Livre magnifique, langage vrai, d'un écrivain qui lui aussi a connu l'enfer.

Le Littérroriste

04 octobre 2009

Very bad trip

Courez voir ce film délirant, encore à l'affiche dans quelques salles parisiennes. Un concentré de sexe, de drogue et de rock'n roll explosif, balayant définitivement toute notion de politiquement correct. Le prétexte : une bande de copains se retrouve à Las Végas pour un enterrement de vie de garçon. Entre drogue du violeur, tigre de Mike Tyson, prostituée au grand coeur, maffieux chinois homo et disparition du futur marié, le cocktail prend tout de suite, servi par une réalisation inspirée.

Le Littérroriste

13 septembre 2009

L'imaginaire érotique au Japon d'Agnès Giard

Livre magnifique, très abondamment illustré, L'imaginaire érotique au Japon nous dévoile toutes les facettes des fantasmes japonais, entre high-tech et rites primitifs shinto, rites de fertilité et cauchemards post-nucléaires, bondage et poupées. Univers foisonnant et fascinant d'un ouvrage qui ne tombe jamais dans la vulgarité, aborde tous les thèmes avec humour tout en les replaçant dans une perspective historique qui est ici, plus qu'ailleurs, fondamentale. Impossible de comprendre cet imaginaire sans saisir le poids de la défaite de 1945 ou de l'héritage shinto, par exemple.

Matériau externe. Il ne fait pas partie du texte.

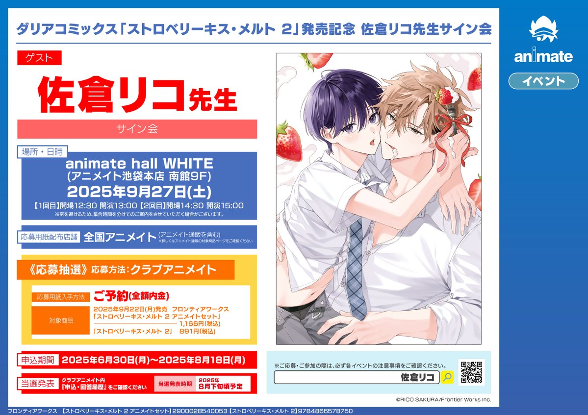 【書籍イベント情報】 『ダリアコミックス「ストロベリーキス・メルト 2」 発売記念 佐倉リコ先生サイン会』開催コォ🎉 期間中、対象商品を全額内金にてご予約いただいたお客様に、応募シリアルをお渡しいたします🎁 #佐倉リコ 先生 #ストロベリーキス・メルト 🔽詳しくはコチラ🔽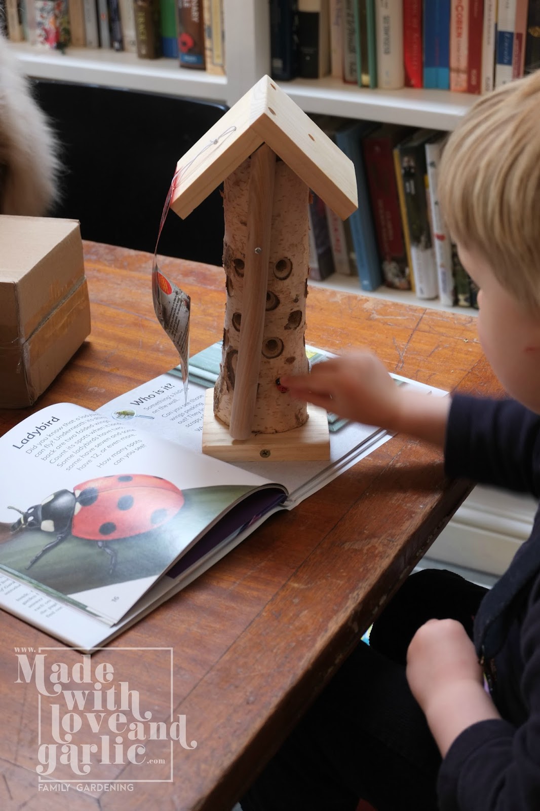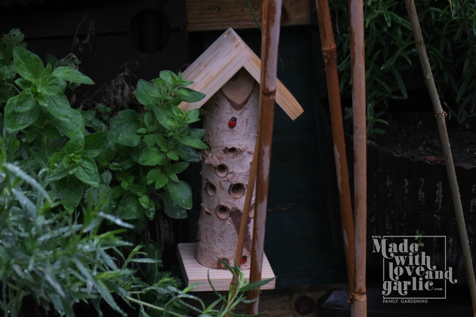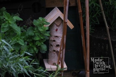 The day the aphids came back was a dark one. There they were, hordes of them swarming and pulsating all over my innocent strawberries and mint. I was beside myself in rage and frustration at their sheer numbers (previously I’ve always pulled aphids off by hand before their populations reach critical levels) as it was clearly too late for me to get rid of them alone. And then lo, out of the house wandered my husband, a king amongst men, who announced that he’d bough me a present of ladybirds. That’s right, 100 live ladybirds were winging their way (hah!) towards me, along with a couple of ladybirds houses that I could apparently try to bride them to stay with. Two year old GarlicBoy was thrilled at the idea of a couple of boxes of insect “pets” and chattered happily all the way home from the post office about them. This is one project that I can heartily recommend that you do with a toddler or small child. It benefits your garden, teaches your child about insects and the food chain and encourages wildlife to flourish in your immediate area. And children find them charming!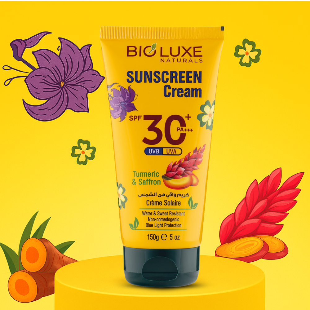 BIOLUXE SPF30+ Turmeric & Saffron Sunscreen offers a balanced blend of protection and care, ideal for daily defense with a natural glow.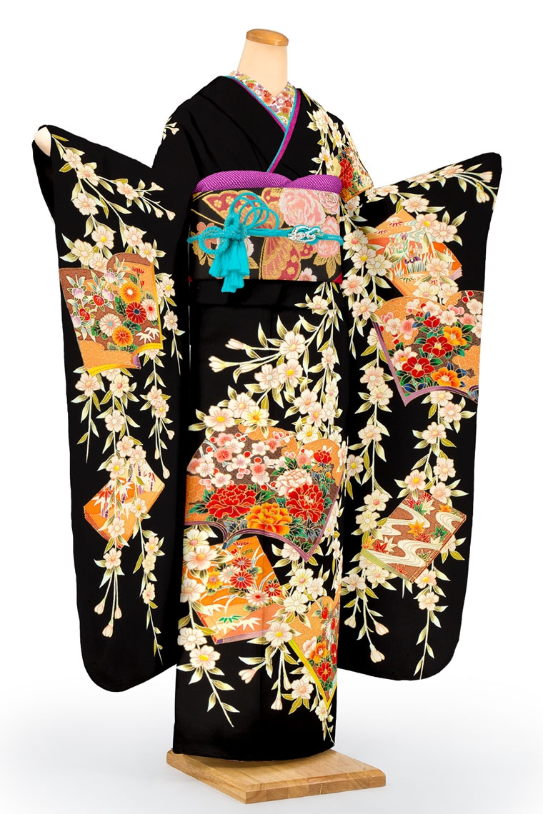 振袖レンタル 振袖Lサイズ 京友禅:染の北川 桜に絵本 黒 サイズ:L 158~168cm 表地:正絹
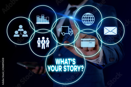 Text sign showing What S Your Story Question. Business photo showcasing asking demonstrating about his past life actions career or events Male human wear formal work suit presenting presentation using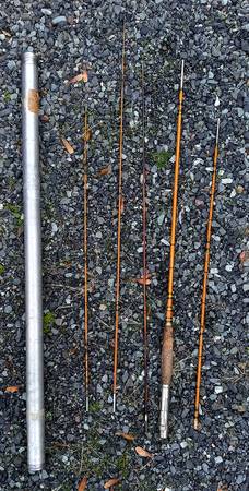 3 pc. bamboo rod, good guides and wraps, decent finish and cork, no markings.
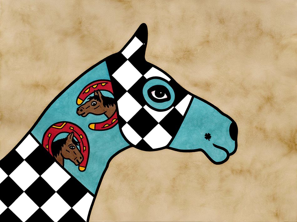 hand coloured linocut

Agnès Giard parvient à nous transmettre un contenu très riche : ce livre, comme toute chose au Japon ("homme, femme, papillon, pierre ou fleur") a lui aussi une âme.

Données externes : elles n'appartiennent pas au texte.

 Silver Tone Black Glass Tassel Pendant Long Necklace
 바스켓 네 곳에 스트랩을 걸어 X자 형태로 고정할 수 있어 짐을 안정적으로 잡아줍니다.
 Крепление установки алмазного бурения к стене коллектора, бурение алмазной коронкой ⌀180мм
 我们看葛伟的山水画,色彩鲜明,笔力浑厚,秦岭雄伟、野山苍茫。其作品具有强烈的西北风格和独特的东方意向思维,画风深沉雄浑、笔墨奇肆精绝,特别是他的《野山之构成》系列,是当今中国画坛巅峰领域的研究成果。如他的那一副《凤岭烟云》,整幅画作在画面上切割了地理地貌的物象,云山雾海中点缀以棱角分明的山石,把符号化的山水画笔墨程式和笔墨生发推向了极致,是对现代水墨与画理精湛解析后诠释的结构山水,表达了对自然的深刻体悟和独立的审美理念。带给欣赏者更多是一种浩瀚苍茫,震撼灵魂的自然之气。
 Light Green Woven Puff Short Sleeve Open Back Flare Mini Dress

En bref, un ouvrage à ne pas mettre entre toutes les mains... mais à mettre entre toutes les autres !

Le Littérroriste

12 septembre 2009

Seul le silence - R.J.Ellory

Encore une énième histoire de serial killer ? Oui, mais quand on aime, on ne compte pas, on ne compte plus... les petites filles assassinées. Et Ellory n'est pas Ellroy, il développe ses propres obsessions, son propre rapport au passé, au souvenir. Histoire d'un destin tragique, histoire d'une impuissance face au mal qui ravage le monde autour du narrateur année après année, Seul le silence captive de bout en bout, s'enfonçant dans la noirceur avec délices.

Le Littérroriste

10 septembre 2009

Beautiful People

Le livre D'Alicia Drake se plonge avec délice dans les turpitudes et mesquineries des deux grands couturiers Saint Laurent et Lagerfeld. L'envers du décor n'est pas très propre, les miroirs y renvoient à l'infini les jeux de l'ego, du pouvoir, du sexe sordide et du carriérisme assoiffé de jeunes garçons prêts à tout pour réussir, s'il le faut au fond du lit des maîtres.